TASK REQUIREMENTS –
Repeat the listing word for word. No pictures belong in the copy.

EXERCISE DATA –
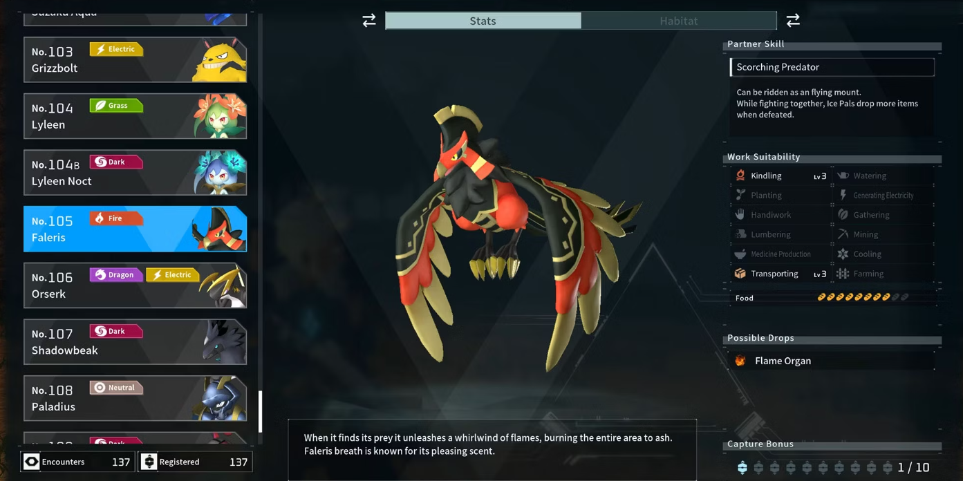 먼저 Pal Faleris가 어떤 유형인지부터 살펴보겠습니다. Faleris는 Paldeck 항목에 따르면 숨결이 매우 좋고 사냥하는 모든 영역을 완전히 불태워 재로 만드는 습관이 있는 순수한 Fire-Element Pal입니다 . 작업자로서 Faleris는 작업 적합성 을 두 개만 가지고 있지만 둘 다 매우 유용합니다. 이것들은 Kindling 3 과 Transporting 3 이며, 둘 다 매우 요구되는 작업 특성입니다.
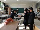町社会福祉協議会から依頼されていた、募金を社会福祉協議会の方に生徒会役員がお渡ししました。少ない金額ではありますが、町のために使っていただきたいですね。
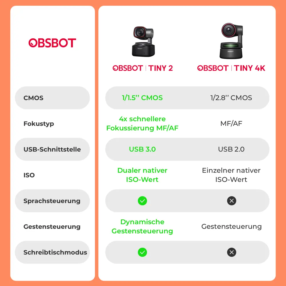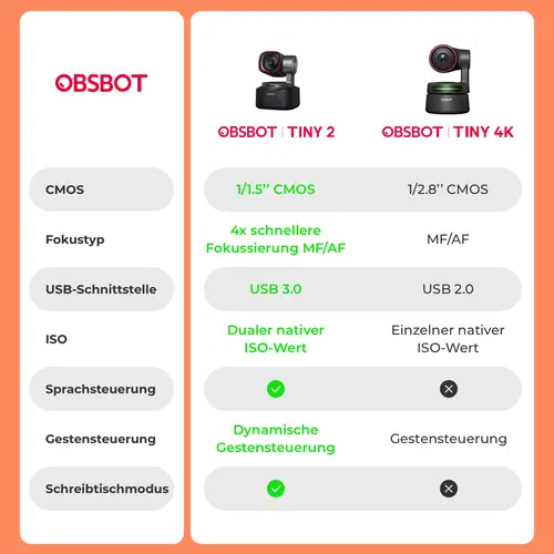 Ultra großer 1/1.5 CMOS-Sensor - Die OBSBOT Tiny 2 ist mit einem ultragroßen 1/1.5“ CMOS-Sensor ausgestattet, der die Videoqualität in der Webcam-Branche auf ein neues Niveau hebt.
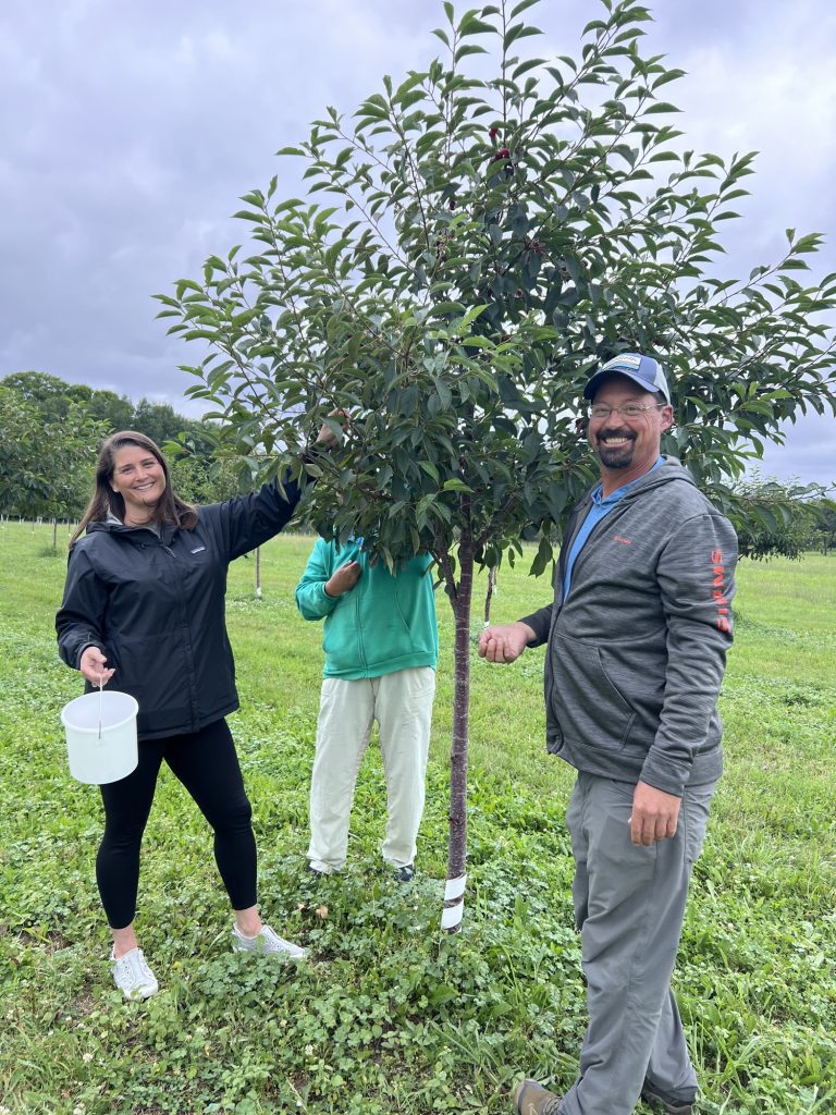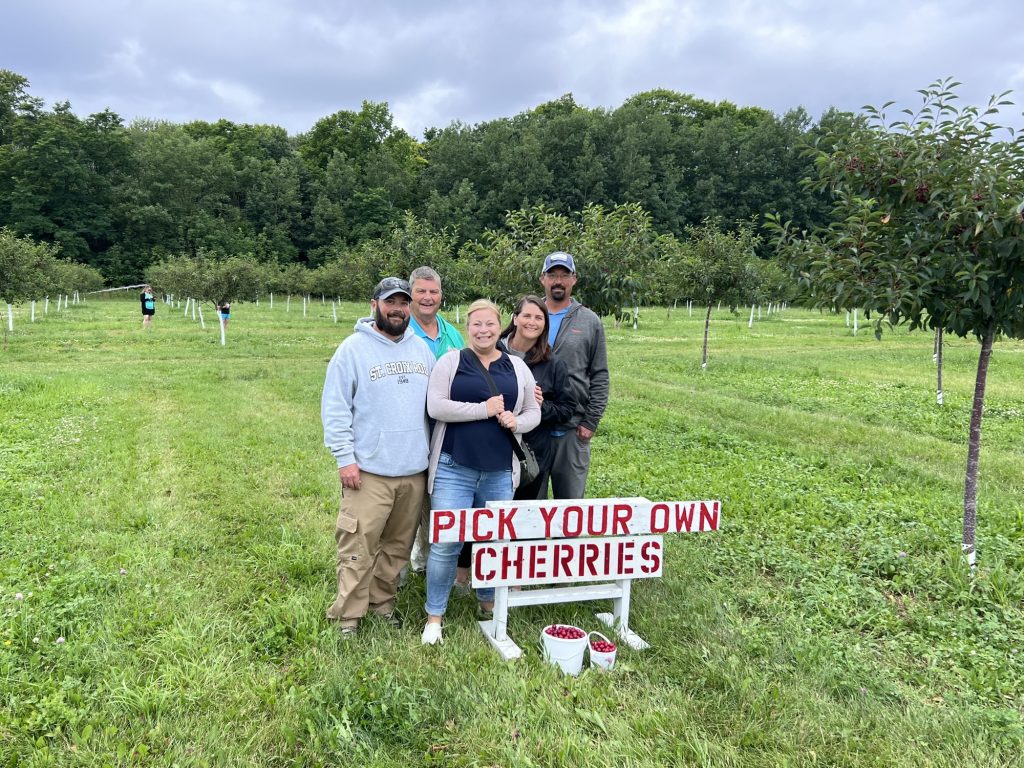 This past summer I was able to go with my Dad, two brothers, and my sister-in-law. For the first time we were there during the peak of cherry harvest season (mid-July through early August)! I gathered up the crew and we headed out to pick cherries so I could make cherry almond jam (see recipe below).

RESPONSE –
 먼저 Pal Faleris가 어떤 유형인지부터 살펴보겠습니다. Faleris는 Paldeck 항목에 따르면 숨결이 매우 좋고 사냥하는 모든 영역을 완전히 불태워 재로 만드는 습관이 있는 순수한 Fire-Element Pal입니다 . 작업자로서 Faleris는 작업 적합성 을 두 개만 가지고 있지만 둘 다 매우 유용합니다. 이것들은 Kindling 3 과 Transporting 3 이며, 둘 다 매우 요구되는 작업 특성입니다.
町社会福祉協議会から依頼されていた、募金を社会福祉協議会の方に生徒会役員がお渡ししました。少ない金額ではありますが、町のために使っていただきたいですね。
 Ultra großer 1/1.5 CMOS-Sensor - Die OBSBOT Tiny 2 ist mit einem ultragroßen 1/1.5“ CMOS-Sensor ausgestattet, der die Videoqualität in der Webcam-Branche auf ein neues Niveau hebt.
 This past summer I was able to go with my Dad, two brothers, and my sister-in-law. For the first time we were there during the peak of cherry harvest season (mid-July through early August)! I gathered up the crew and we headed out to pick cherries so I could make cherry almond jam (see recipe below).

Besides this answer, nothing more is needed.